I remember when, as a young boy, Hank would ask me an endless series of questions, from the mundane to the profound. It was everything from “Why do elephants have long noses?” and “Why are clouds big and small?” to “What is God?” and “Why do people die?” Sometimes I’d come up with crazy answers to make him laugh, but I knew when I was serious that Hank trusted me totally and that I couldn’t let him down. So while we had great fun with some of his queries, I’d sometimes be hit by a terror that my answers would harm him somehow. When he asked, “Why does grandma say bad things?” I knew those things were about me, and I fought a gut-wrenching mixture of rage and shame and helplessness, as I looked into his earnest little face, his big eyes watching my every move.

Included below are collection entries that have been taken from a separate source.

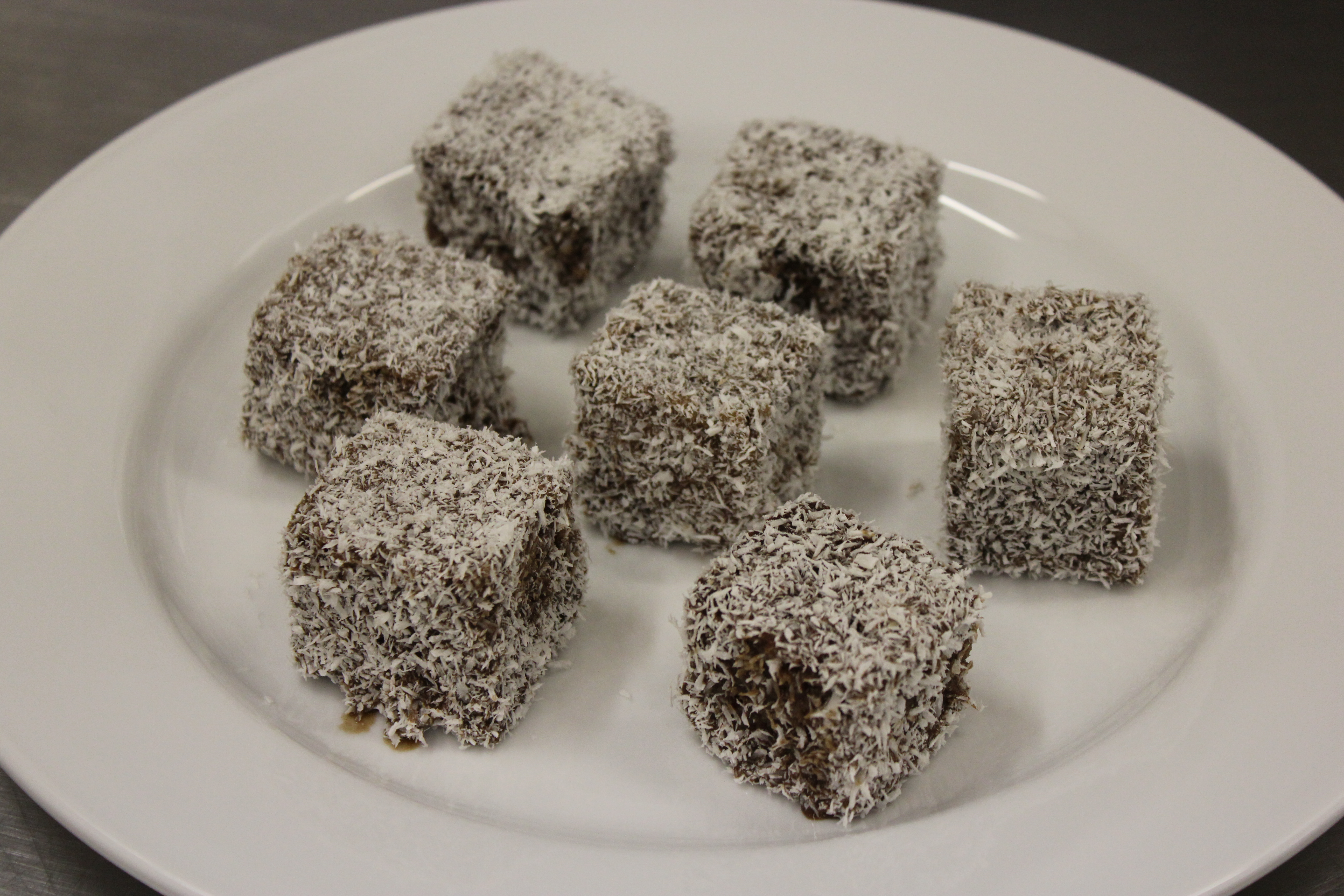 Legend has it that these little cakes were named after Charles Baillie, 2nd Baron Lamington, who, by accident, dropped a piece of cake into a bowl of gravy, then threw it and it haphazardly landed in a bowl of coconut. Chocolate is better than gravy, I think, but who knows.
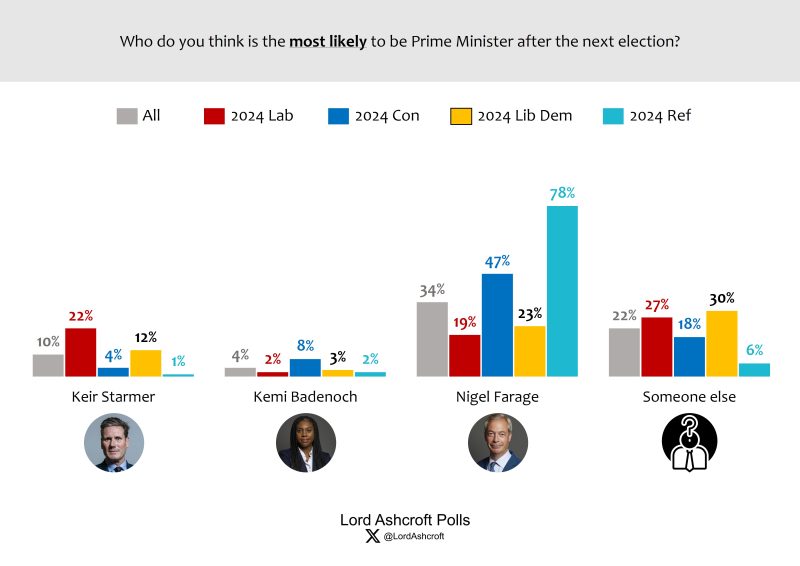 Nigel Farage was thought the most likely person to be PM after the next election, with just over one third naming him as the most likely candidate. Only 1 in 10 thought Starmer would still be in the job and 4 per cent named Badenoch. More than 1 in 5 thought someone else would be PM. 84 per cent of those currently intending to vote Reform thought Farage would be PM, compared to 38 per cent of Labour voters who thought Starmer would be PM and 14 per cent of current Conservative voters who thought Badenoch would have the job.
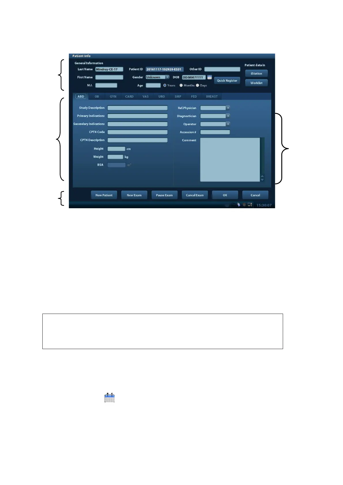 Patient ID is generated automatically by the system after starting a new patient, and can
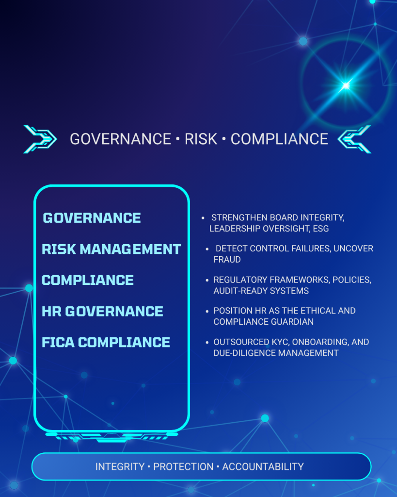 Governance, HR, AI, Forensics, and Transformation for South African organisations.
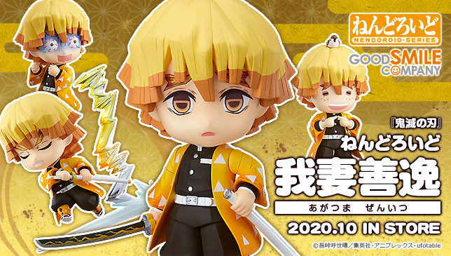 日本GOOD SMILE COMPANY 旗下種類超過千款的人氣商品「黏土人」( ねんどろいど)系列,在竈門炭治郎、竈門禰豆子之後再度發表了以人氣動漫《鬼滅之刃》為主題的系列新作:「黏土人 我妻善逸 」(ねんどろいど 我妻善逸),參考售價為 5,364 日圓,預計於 2020 年 10 月發售。
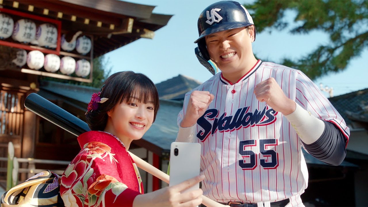 新年を迎えたばかりのとある神社。晴れ着姿の広瀬さんが初詣の参拝中、ご本尊の“村神様”こと村上選手と遭遇する。バットを手に、ユニホーム姿で境内に降臨した村上選手は、広瀬さんが放った幸せボールを、豪快なスイングで打ち返す。無数に分かれたボールが上空の雲を突き抜けて、あちこちに飛んでいき、そのうちの一つを別の場所で餅つきをしていた羽織はかま姿の横浜さんが見事にキャッチする……というストーリー。むちゃぶりをする広瀬さん、横浜さんと、まんざらでもない表情でそのむちゃぶりを受ける村上選手のコミカルな掛け合いも注目だ。
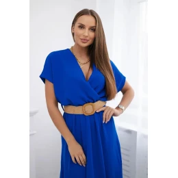 Dlouhé šaty s ozdobným páskem chrpově modré barvy
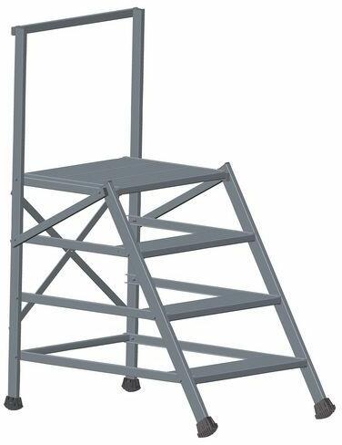 "Mozgatható hozzáférési vagy munkadobogó kényelmes feljutással. Ideális az elhúzódó munkákhoz, szerszámmal is, és akár gyakori helyváltoztatással is. Nagyméretű dobogó korláttal a biztonságos és ergonomikus munkavégzéshez a magasban. Különböző dőlésszögek, 45° a kényelmes feljutáshoz, 60° szűk helyekhez. Választható fokszélesség 600, 800 és 1000 mm. A lép
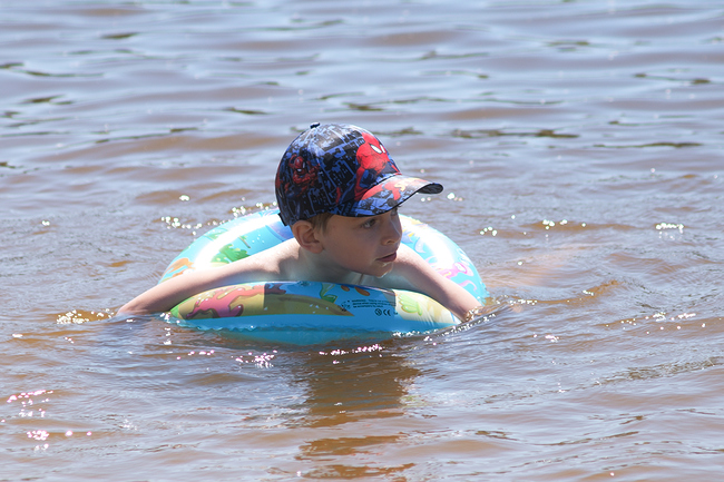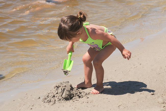 Ясная летняя погода благоволит жителям города, и они массово отправились на пляж «Золотой Берег». Здесь для комфортного отдыха есть все. Спортивные и детские площадки, кафе, аттракционы, медпункт. Песок на пляже раскален и отдыхающие стремятся расположиться поближе к воде. На пляже работают спасатели, отдельно огорожено место для купания детей.

Other than our too-infrequent visits, I knew my son through letters, first in crayon, then pencil, then pen, then word-processed. I had them all in binders: colorful, primitive sketches of baseball players, guys playing guitar, animals at the zoo all with captions and short stories like “The Hippos eat lunch at the zoo and miss their families in Africa” or “Rock stars make people dance and sing.” Then, later on, I would get confessions about crushes or philosophical musings about something he’d read. That was one thing I’d credit Trish with, she always had him reading. In one letter he told me he’d read “Sonny’s Blues” by James Baldwin, back when he was in high school, and said he thought he understood what the jazz player meant by “the storm inside”:
The brothers are talking about suffering but I think it’s more than just Sonny’s heroin addiction. It’s about the fact that everybody suffers and there isn’t any way to escape it. The only thing that people can do is use their pain to create something beautiful—otherwise it will eat them up or kill them. That’s why Sonny’s brother finally comes to see him as royalty. His music is how he lives and connects with the world. Maybe it’s that way with your writing ? I don’t know yet what my thing is. Maybe I never will. Who knows? Anyway, it was a good story. Better than what I read in class.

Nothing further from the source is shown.